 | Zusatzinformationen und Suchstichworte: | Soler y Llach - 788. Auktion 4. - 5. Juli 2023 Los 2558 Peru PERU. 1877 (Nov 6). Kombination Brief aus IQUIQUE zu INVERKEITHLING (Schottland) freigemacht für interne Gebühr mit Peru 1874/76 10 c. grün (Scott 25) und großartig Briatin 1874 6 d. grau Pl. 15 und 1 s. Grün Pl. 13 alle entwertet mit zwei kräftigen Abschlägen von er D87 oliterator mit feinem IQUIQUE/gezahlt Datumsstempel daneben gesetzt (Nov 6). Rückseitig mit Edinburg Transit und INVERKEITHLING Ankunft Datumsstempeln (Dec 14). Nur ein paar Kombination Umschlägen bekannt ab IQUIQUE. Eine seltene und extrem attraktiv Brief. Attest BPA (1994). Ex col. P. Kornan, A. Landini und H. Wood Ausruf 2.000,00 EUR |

* * *

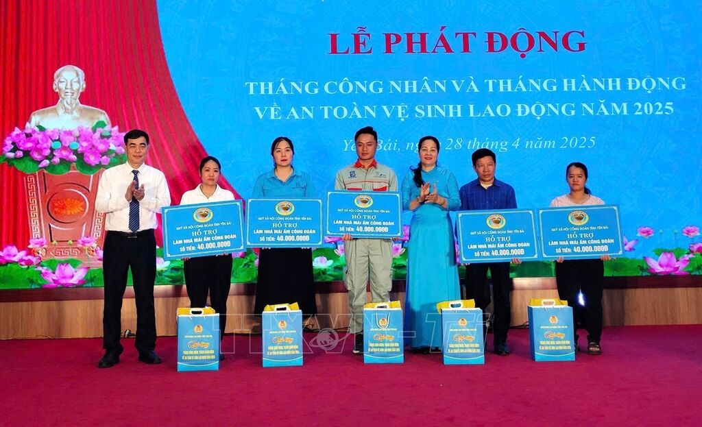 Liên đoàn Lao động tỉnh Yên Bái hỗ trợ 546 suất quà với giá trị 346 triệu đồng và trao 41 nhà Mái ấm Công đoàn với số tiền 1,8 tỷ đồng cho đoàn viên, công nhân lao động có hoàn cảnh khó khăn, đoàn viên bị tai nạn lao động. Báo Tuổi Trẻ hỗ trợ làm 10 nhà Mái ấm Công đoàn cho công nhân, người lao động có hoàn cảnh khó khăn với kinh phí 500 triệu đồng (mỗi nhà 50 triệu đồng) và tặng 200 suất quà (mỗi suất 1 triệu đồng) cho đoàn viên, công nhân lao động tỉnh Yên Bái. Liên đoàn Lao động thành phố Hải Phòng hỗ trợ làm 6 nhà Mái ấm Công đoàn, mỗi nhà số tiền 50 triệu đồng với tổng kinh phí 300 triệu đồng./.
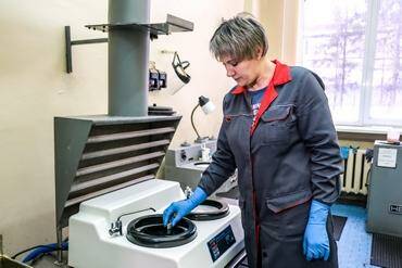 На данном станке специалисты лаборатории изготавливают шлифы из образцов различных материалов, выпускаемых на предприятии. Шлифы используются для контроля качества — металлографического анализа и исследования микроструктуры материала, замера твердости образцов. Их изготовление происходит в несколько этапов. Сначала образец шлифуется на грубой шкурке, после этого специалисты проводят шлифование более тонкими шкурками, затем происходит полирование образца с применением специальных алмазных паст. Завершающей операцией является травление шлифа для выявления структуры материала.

- _Task objective_
Starting at the line above that holds "Liên đoàn Lao động tỉnh", repeat every line exactly down to and including the line that holds "На данном станке", then stop. Do not carry over any pictures.

- _Response area_
 Liên đoàn Lao động tỉnh Yên Bái hỗ trợ 546 suất quà với giá trị 346 triệu đồng và trao 41 nhà Mái ấm Công đoàn với số tiền 1,8 tỷ đồng cho đoàn viên, công nhân lao động có hoàn cảnh khó khăn, đoàn viên bị tai nạn lao động. Báo Tuổi Trẻ hỗ trợ làm 10 nhà Mái ấm Công đoàn cho công nhân, người lao động có hoàn cảnh khó khăn với kinh phí 500 triệu đồng (mỗi nhà 50 triệu đồng) và tặng 200 suất quà (mỗi suất 1 triệu đồng) cho đoàn viên, công nhân lao động tỉnh Yên Bái. Liên đoàn Lao động thành phố Hải Phòng hỗ trợ làm 6 nhà Mái ấm Công đoàn, mỗi nhà số tiền 50 triệu đồng với tổng kinh phí 300 triệu đồng./.
 На данном станке специалисты лаборатории изготавливают шлифы из образцов различных материалов, выпускаемых на предприятии. Шлифы используются для контроля качества — металлографического анализа и исследования микроструктуры материала, замера твердости образцов. Их изготовление происходит в несколько этапов. Сначала образец шлифуется на грубой шкурке, после этого специалисты проводят шлифование более тонкими шкурками, затем происходит полирование образца с применением специальных алмазных паст. Завершающей операцией является травление шлифа для выявления структуры материала.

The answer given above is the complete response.